___ EXERCISE INPUT ___

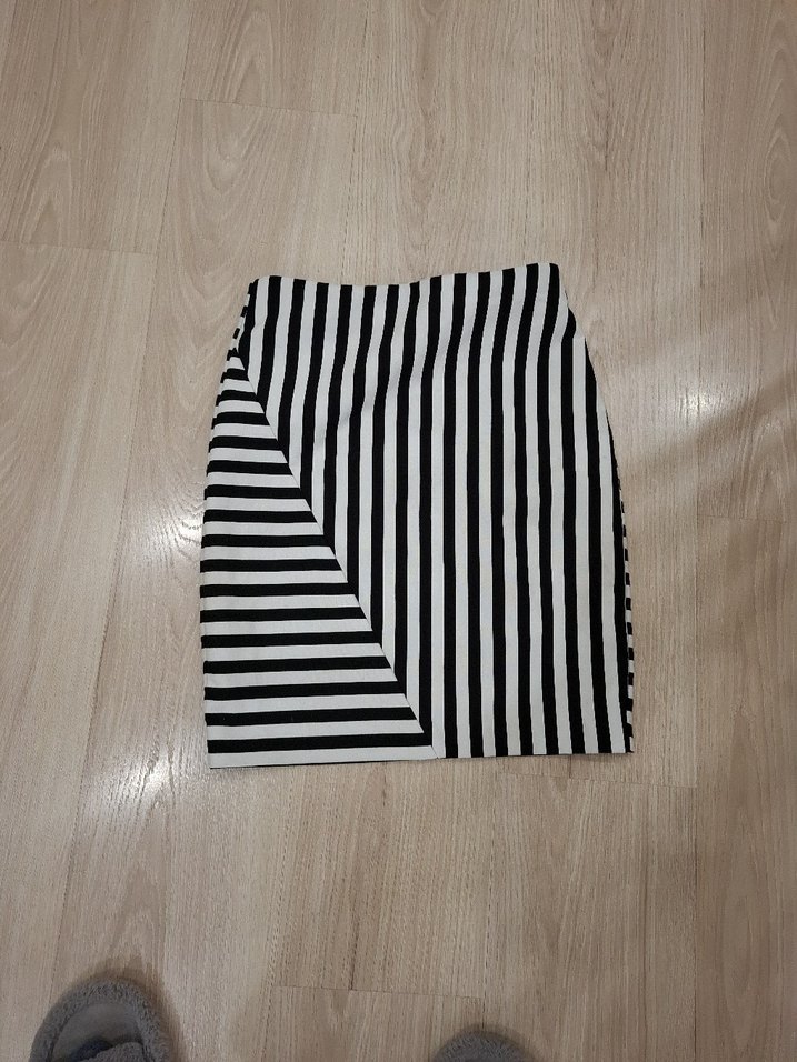 Çizgili desenli, pilili siyah uzun hamile eteği. Düzgün kesim, yumuşak sentetik kumaştan, günlük kullanıma uygun.
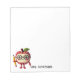 This notepad for teachers features a cute felt-like image of a red apple character wearing glasses and holding a yellow pencil with a teachers name to personalise. Image generated with AI
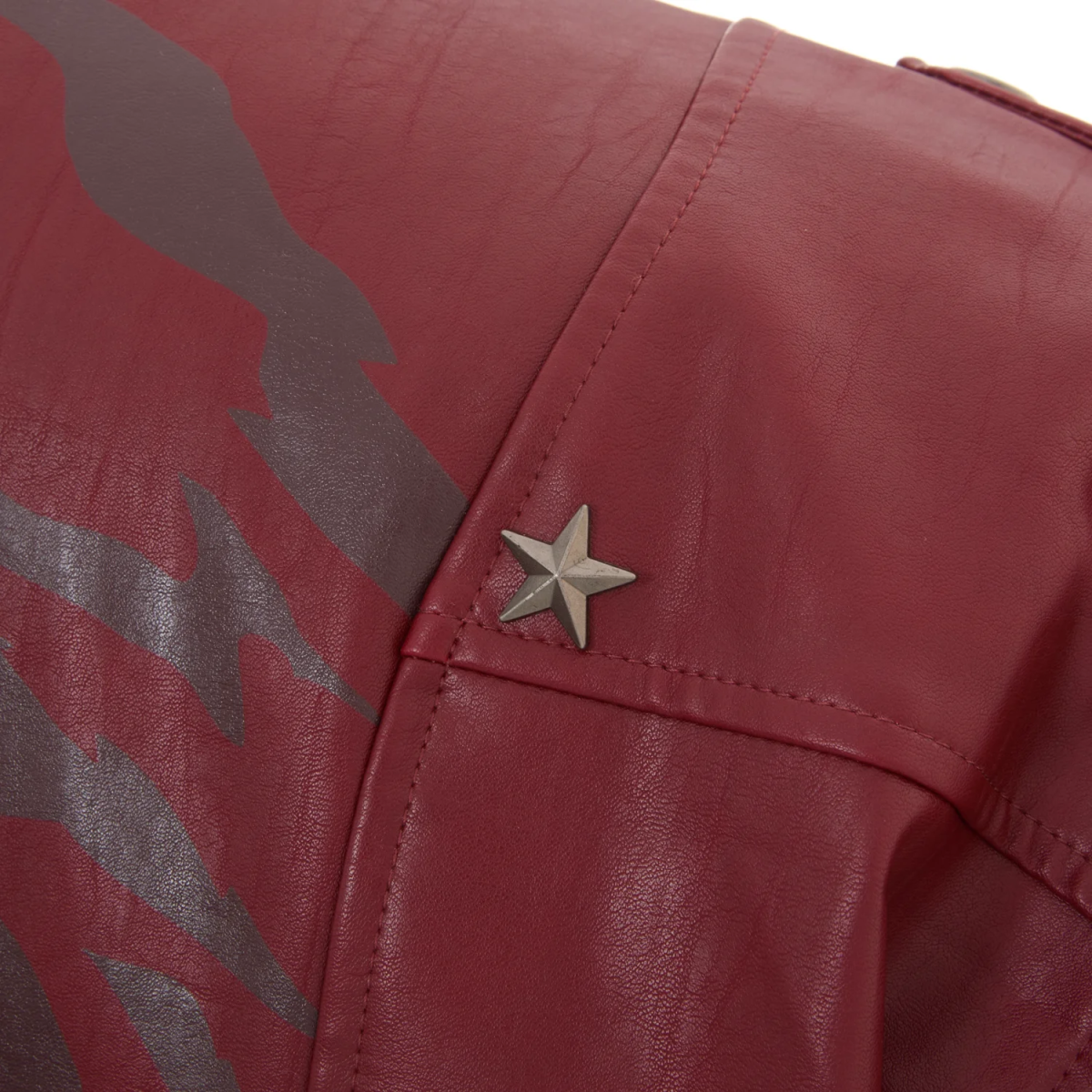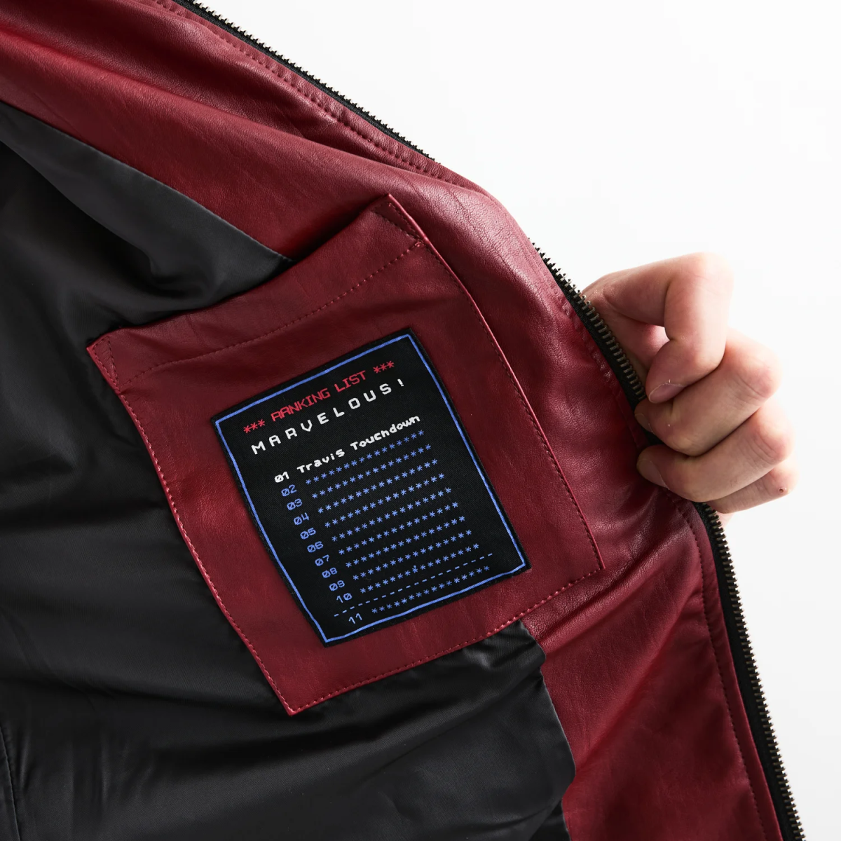 以特拉維斯愛用的紅色皮衣外套出發,完美還原的原設定的樣貌,包含背後的暗紅色虎紋,以及背面的兩個閃亮的星形飾釘。內裡口袋還配有特拉維斯登上殺手排行榜第一位的圖示細節,整體表現非常有原作的風格。
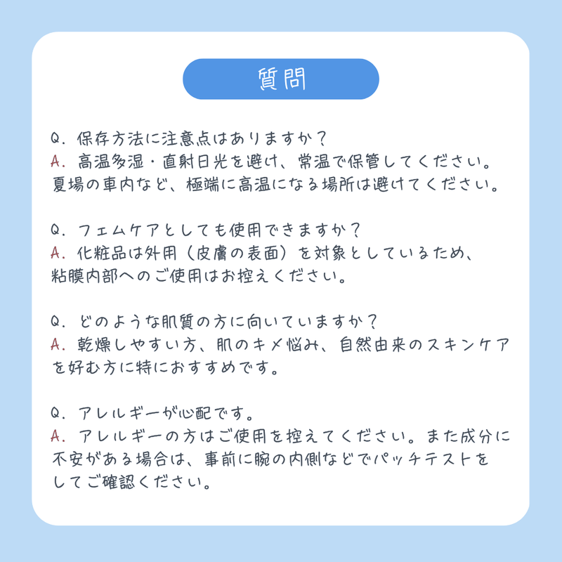 ・お肌に異常がないかご確認のうえご使用ください
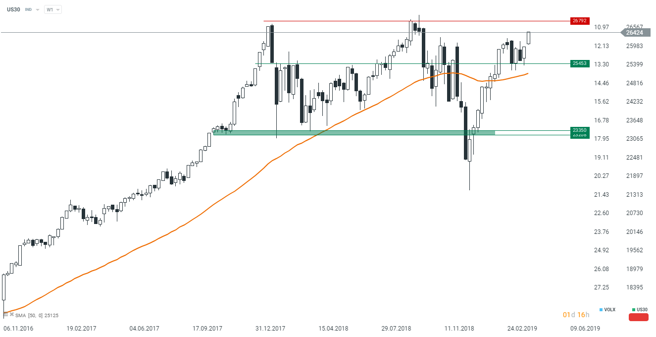 The Dow Jones (US30) keeps rising on the back of upbeat information coming from Washington. The all-time highs seem to be in sight. Source: xStation5
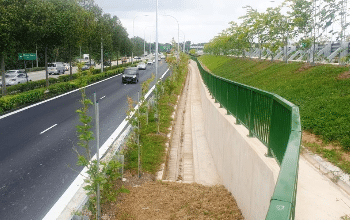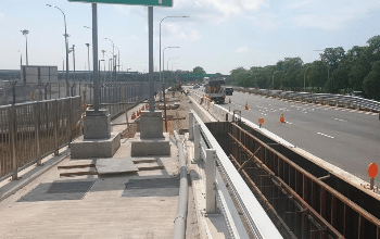 At the same time, a stretch of 80 m permanent retaining structure with 12 m cast-in sheet piles and skin wall finishing was formed to cater for the differences in carriageway level while approximately 100 m of Changi Airport’s security fencing was relocated due to the widening works.
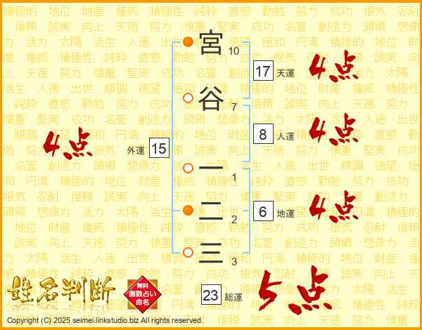 生活面を象徴する運勢です。外部から受ける影響力を表し、結婚運、家庭運や職場、環境への順応性を表します。総運から人運を引いた画数。姓や名が1文字の場合を除く。
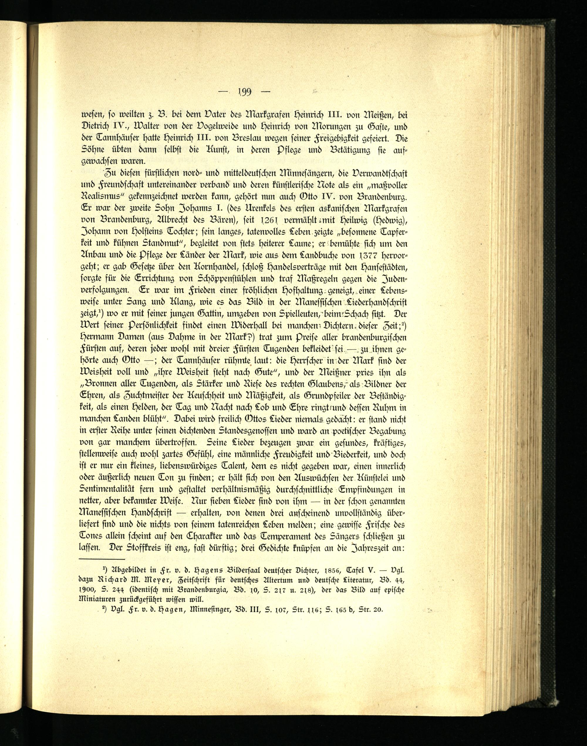 1) Abgebildet in Fr. v. d. Hagens Bildersaal deutscher Dichter, 1856, Tafel V. — vgl. dazu Richard M. Meyer, Zeitschrift für deutsches Altertum und deutsche Literatur, Bd. 44, 1900, S. 244 (identisch mit Brandenburgia, Bd. 40, S. 247 u. 248), der das Bild auf epische Miniaturen zurückgeführt wissen will.
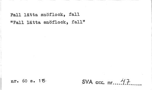 //// Fall lätta snöflock:, fall "Fall lätta snöflock, fall" //// nr* 60 s* 115 SVA acc. nr...Ä£... ////
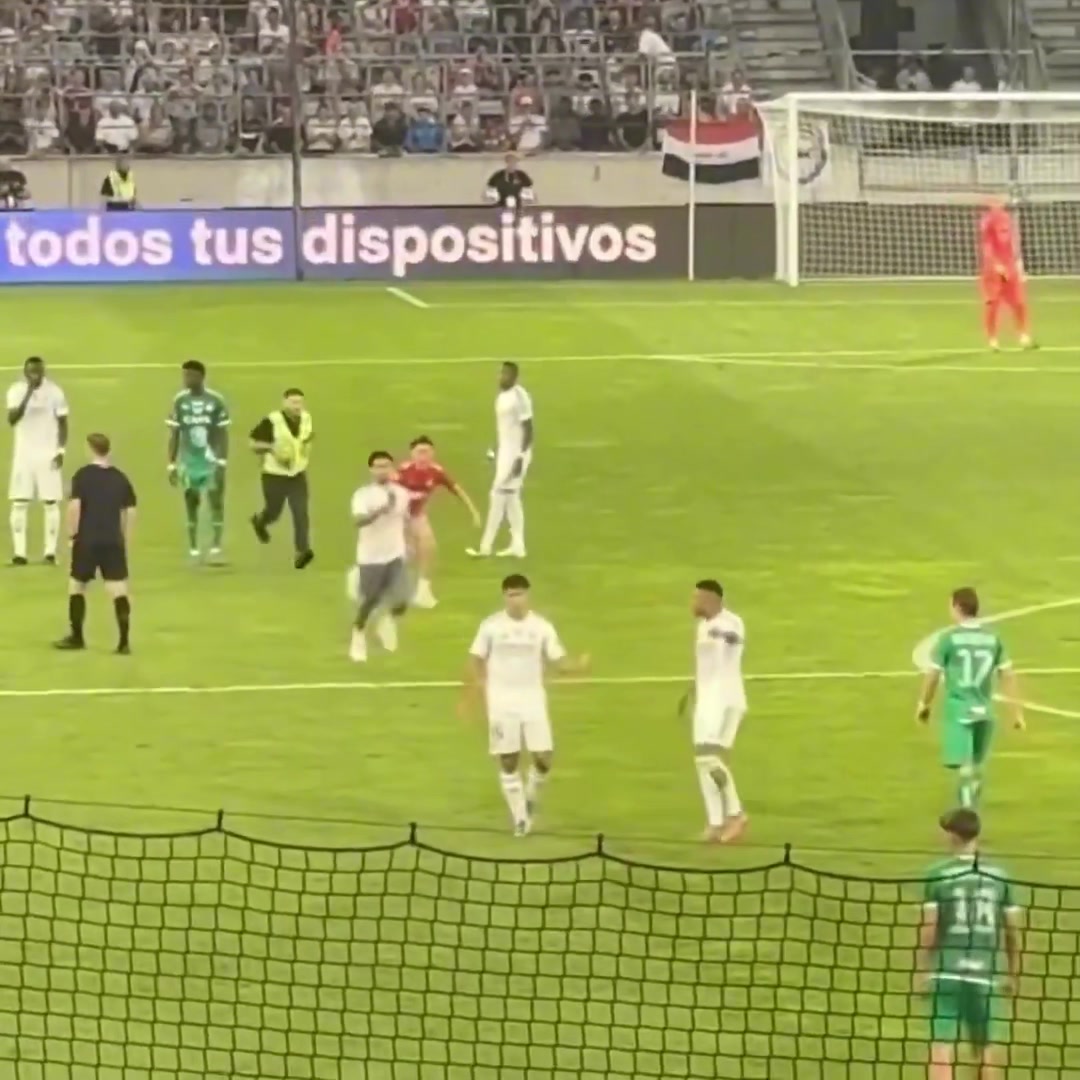 宠粉!球迷冲入场内找姆巴佩自拍,姆总拦住保安满足合影
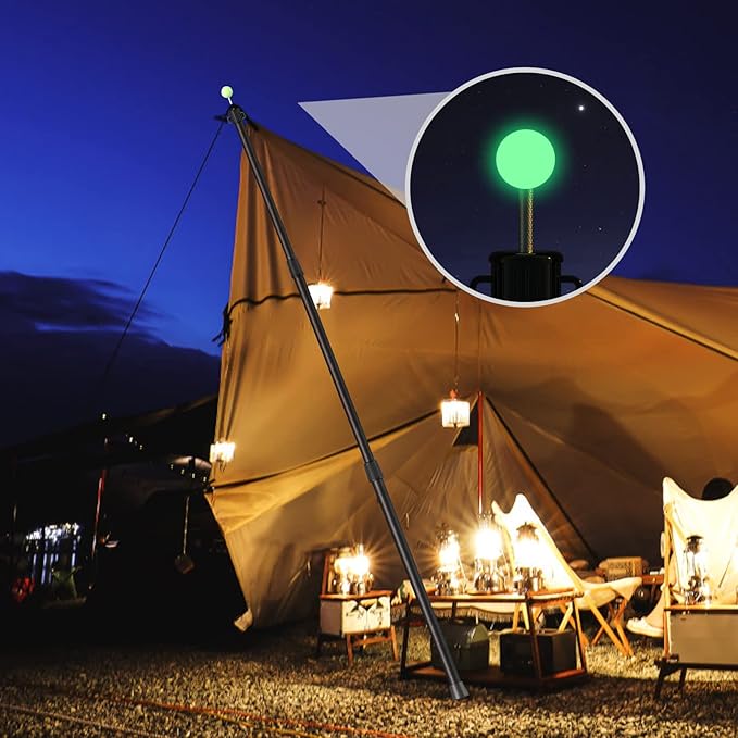 - 【Tear and Slip Resistant & Glowing Cap】The top of awning poles with a removable spherical tip cover, glow in the dark, made of TPR insulation material, can prevent lightning strike. Note: The glow-in-the-dark caps on the pole tips are soft and couldn't support a tarp that's too heavy, so it's recommended that you use the pole tips to go through the tent grommets and then fix the tent with the tip caps.
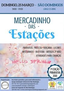 ![]() Dia 25 de março, 09h00, São Domingos, Lg. 25 de abril. Produtos frescos, doçaria, licores, artesanato, bijuteria...Inscrições gratuitas. Org.: Grupo de Animação Cultural de São Domingos. |

___

## PROBLEM DESCRIPTION:
The required output is every line of the data above, set down exactly and stripped of pictures.

## OUTPUT FOR THIS EXERCISE:
 Çizgili desenli, pilili siyah uzun hamile eteği. Düzgün kesim, yumuşak sentetik kumaştan, günlük kullanıma uygun.
 This notepad for teachers features a cute felt-like image of a red apple character wearing glasses and holding a yellow pencil with a teachers name to personalise. Image generated with AI
 以特拉維斯愛用的紅色皮衣外套出發,完美還原的原設定的樣貌,包含背後的暗紅色虎紋,以及背面的兩個閃亮的星形飾釘。內裡口袋還配有特拉維斯登上殺手排行榜第一位的圖示細節,整體表現非常有原作的風格。
 ・お肌に異常がないかご確認のうえご使用ください
 The Dow Jones (US30) keeps rising on the back of upbeat information coming from Washington. The all-time highs seem to be in sight. Source: xStation5
 At the same time, a stretch of 80 m permanent retaining structure with 12 m cast-in sheet piles and skin wall finishing was formed to cater for the differences in carriageway level while approximately 100 m of Changi Airport’s security fencing was relocated due to the widening works.
 生活面を象徴する運勢です。外部から受ける影響力を表し、結婚運、家庭運や職場、環境への順応性を表します。総運から人運を引いた画数。姓や名が1文字の場合を除く。
 1) Abgebildet in Fr. v. d. Hagens Bildersaal deutscher Dichter, 1856, Tafel V. — vgl. dazu Richard M. Meyer, Zeitschrift für deutsches Altertum und deutsche Literatur, Bd. 44, 1900, S. 244 (identisch mit Brandenburgia, Bd. 40, S. 247 u. 248), der das Bild auf epische Miniaturen zurückgeführt wissen will.
 //// Fall lätta snöflock:, fall "Fall lätta snöflock, fall" //// nr* 60 s* 115 SVA acc. nr...Ä£... ////
 宠粉!球迷冲入场内找姆巴佩自拍,姆总拦住保安满足合影
 - 【Tear and Slip Resistant & Glowing Cap】The top of awning poles with a removable spherical tip cover, glow in the dark, made of TPR insulation material, can prevent lightning strike. Note: The glow-in-the-dark caps on the pole tips are soft and couldn't support a tarp that's too heavy, so it's recommended that you use the pole tips to go through the tent grommets and then fix the tent with the tip caps.
 ![]() Dia 25 de março, 09h00, São Domingos, Lg. 25 de abril. Produtos frescos, doçaria, licores, artesanato, bijuteria...Inscrições gratuitas. Org.: Grupo de Animação Cultural de São Domingos. |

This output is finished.